Amersham: If anyone needs to visit me personally, Amersham is located in the top left corner of the London Underground route. Hence, we get trains that, while possibly a million years old, have enough carriges to hold more than three people and a dog. Plus, bridges convey the smelly old things away from roads, where they're hasselous.

Hull: I've no idea what rail network the local trains run on, but I don't like it. Sure, they appear to be nice new trains, but I can only see a bit from the outside when both carriages of each train hurtle through a level crossing, delaying me by five minutes when I've got ten minutes to get in.
So in summery:
-Trains are pathetically small.
-Level crossings causing delays.
-Delays are ridiculously long for such short trains.
-Cunty bollocks.

VAE VICTEUS: Amersham

Prices of Stuff

Amersham: Being in the prosperous south, everything costs a fucking packet. £2.50 for a pint of cider, is it not? And lets not talk about housing prices.
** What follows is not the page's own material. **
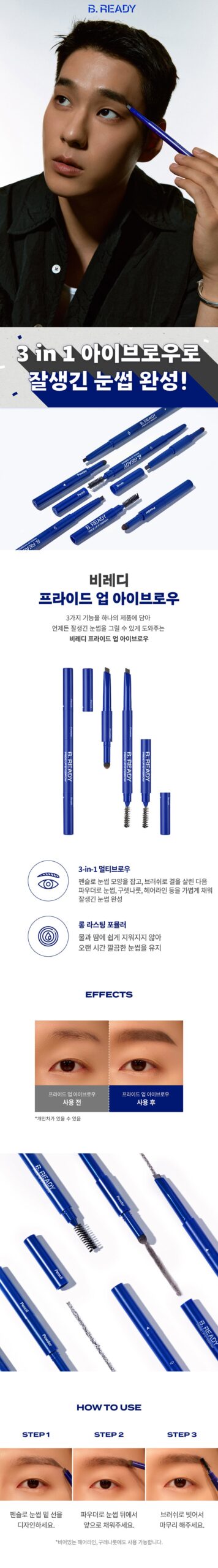 Achieve perfectly groomed eyebrows effortlessly with the B.READY Pride Up Eyebrow. This 3-in-1 multi-functional eyebrow product combines convenience and style, helping you create well-defined and natural-looking brows anytime, anywhere.

Hull: The only two commodities I think Hull has are students and fish, and I only know about the fish because my Varieties of Life tutor told us so. Unless she sad there used to be a fishing... but we stray. That being, the drinks are legendarily cheap round here. At lowest, a regular pint of cider in Spiders is £1.20. But with the drinks they mix up at Spiders, you don't buy straight pints. A pint of Tyzer costs £2.60, and contains between 9 and 11 shots. Drink anymore than four, and you'll be projectile vomiting all the way home.

Haven't looked at house prices though. Would I need to?

Oh yeah, I do. Whoops...

VAE VICTEUS: Hull

Also, if you can see the town I live in, you can stop stalking me right now!


Look! If you can see where my University is, you don't get a T-shirt!


Weather

Amersham: Typifies the nature of British weather, ie wet and cold, with patches of sunshine.

Hull: It's grim up North. Hence, the rain is heavy, the wind is capable of freezing a man to ice in minutes, and the sun melts things.

VAE VICTEUS: Amersham

And for now, I'm done. Make your own damned mind up. Bloody freezing winds, or big lumpy hills?